Accusé d'être un des derniers grands criminels nazis encore en vie, John Demjanjuk, 89 ans, est jugé à partir de lundi à Munich pour participation au meurtre de 27 900 juifs.

Ce vieillard d'origine ukrainienne risque la détention à perpétuité si la cour d'assises de Munich décide qu'il était bien garde en 1943 dans le camp d'extermination de Sobibor, aujourd'hui en Pologne.

Il a été expulsé en mai des États-Unis où il vivait depuis 1952, à l'issue d'une longue bataille judiciaire. Il invoquait notamment son mauvais état de santé.

C'est en avion sanitaire qu'il est finalement parti pour l'Allemagne, et il devrait comparaître dans un fauteuil roulant, mais les justices américaine et allemande l'ont estimé apte à être jugé.

Son fils John Jr a toutefois assuré à l'AFP dans leur ville de résidence de Cleveland, en Ohio, que son père allait en mourir.

«On le précipite vers la mort, il ne survivra pas à cela», a-t-il affirmé, soulignant que nombre d'Allemands qui furent gardiens dans les camps nazis n'ont jamais été jugés.

L'Allemagne qui n'a longtemps jugé «que des officiers supérieurs et des dignitaires du régime nazi» a changé de politique «en acceptant depuis un an et demi de juger tous les criminels nazis susceptibles de pouvoir se présenter devant un tribunal», explique Efraim Zuroff, directeur du Centre Simon Wiesenthal de Jérusalem qui traque les criminels nazis.

Demjanjuk est apatride, ayant perdu sa citoyenneté américaine en 2002 pour avoir caché son passé dans des camps nazis. Il assure qu'il était soldat de l'Armée rouge et avait été fait prisonnier des Allemands en 1942.

Une trentaine des rescapés de l'Holocauste ou de leurs descendants sont partie civile, mais aucun n'a vu Demjanjuk à Sobibor et les seuls témoignages directs sont des déclarations écrites de témoins aujourd'hui décédés.

L'accusation veut donc tenter d'obtenir une reconnaissance de culpabilité par seule association: Demjanjuk a été garde durant près de six mois en 1943 à Sobibor, période pendant laquelle 27 900 juifs ont été gazés, il a donc participé à cette extermination.

«Ce que j'ai vécu, je vais le raconter aux juges», a expliqué à l'AFP Jules Schelvis, 88 ans, un des nombreux Néerlandais parties civiles, qui sera également témoin et dont la femme est morte à Sobibor.

«Mon grand-père, qui a été tué à Sobibor, était aussi un vieil homme mais personne n'a dit oh, c'est un vieil homme, il n'a pas besoin d'aller à Sobibor. Alors pourquoi Demjanjuk devrait-il être épargné?», s'interrogeait-il.

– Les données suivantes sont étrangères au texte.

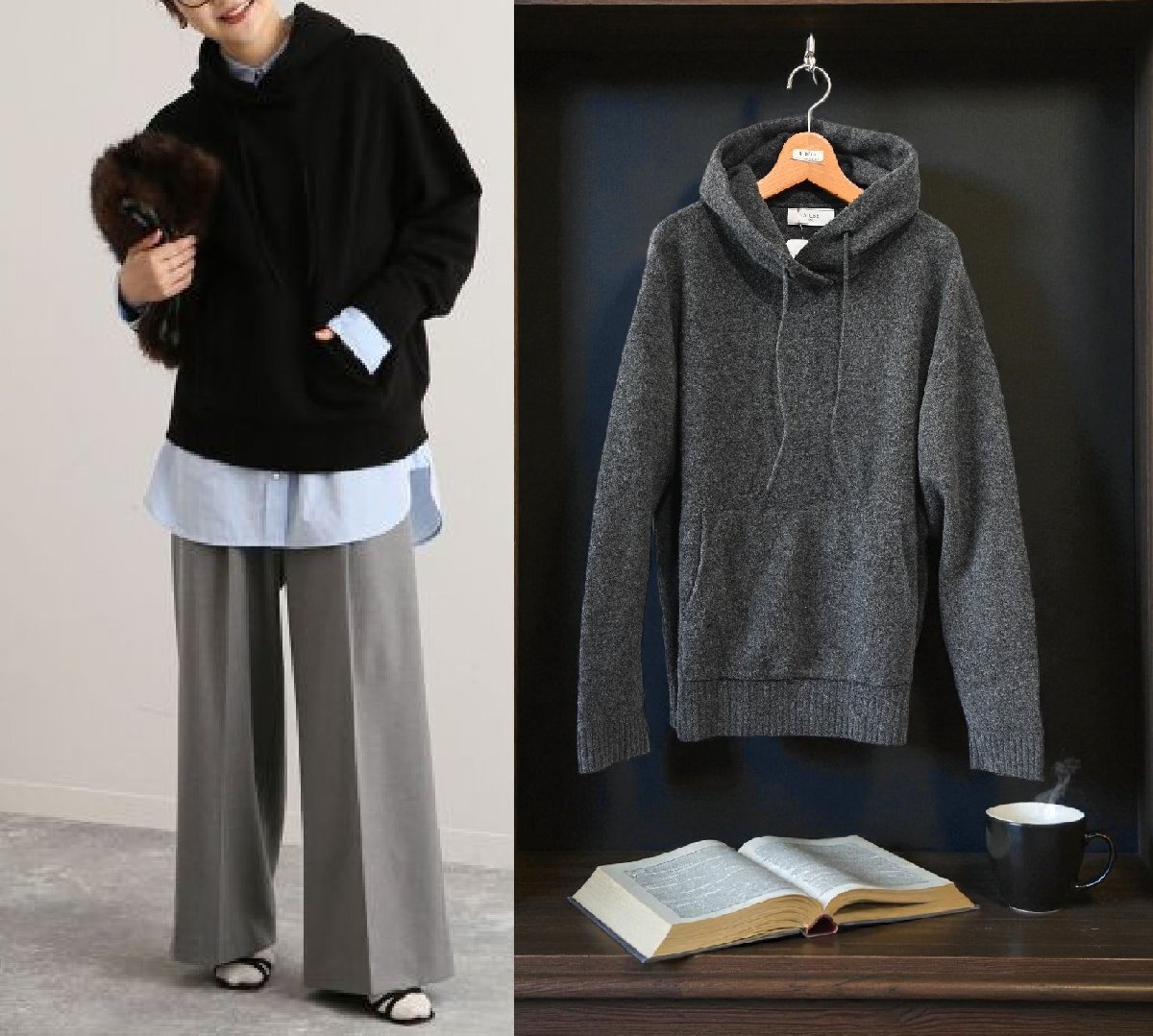 エアリー感のある起毛ストレッチ素材を使用したニットフーディー。

Demjanjuk avait été condamné à mort en 1988 en Israël pour avoir été gardien au camp de Treblinka sous le sobriquet d'Ivan le Terrible. Mais il a ensuite été acquitté en raison de doutes sur son identité.

L'accusation affirme cette fois être sûre de son fait.

Elle détient une carte d'identité établie par les SS au nom de Demjanjuk, faisant état de son transfert depuis Trawniki, où étaient formés des gardiens de camp de concentration, à Sobibor.

L'homme jeune au visage rond qui y figure en photo ressemble très fortement à l'accusé, mais ses avocats assurent que le document est un faux de l'époque soviétique, ce qu'ont démenti des analyses officielles américaines.

Pour Efraim Zuroff, le procès est un moment clé de l'Histoire.

«L'ouverture du procès de Demjanjuk est capitale pour plusieurs raisons, d'abord car il est le criminel nazi le plus recherché, premier de la liste que nous publions, mais aussi car il va être jugé pour sa responsabilité dans la mort de 27 900 Juifs et qu'on va enfin savoir son rôle exact dans la machine d'extermination», a affirmé M. Zuroff à l'AFP.

Des centaines de journalistes du monde entier espèrent pouvoir couvrir le procès. La cour, compétente parce que l'accusé a vécu dans la région après la guerre, apparaissait totalement débordée: sa salle d'audience ne peut accueillir qu'environ 150 personnes.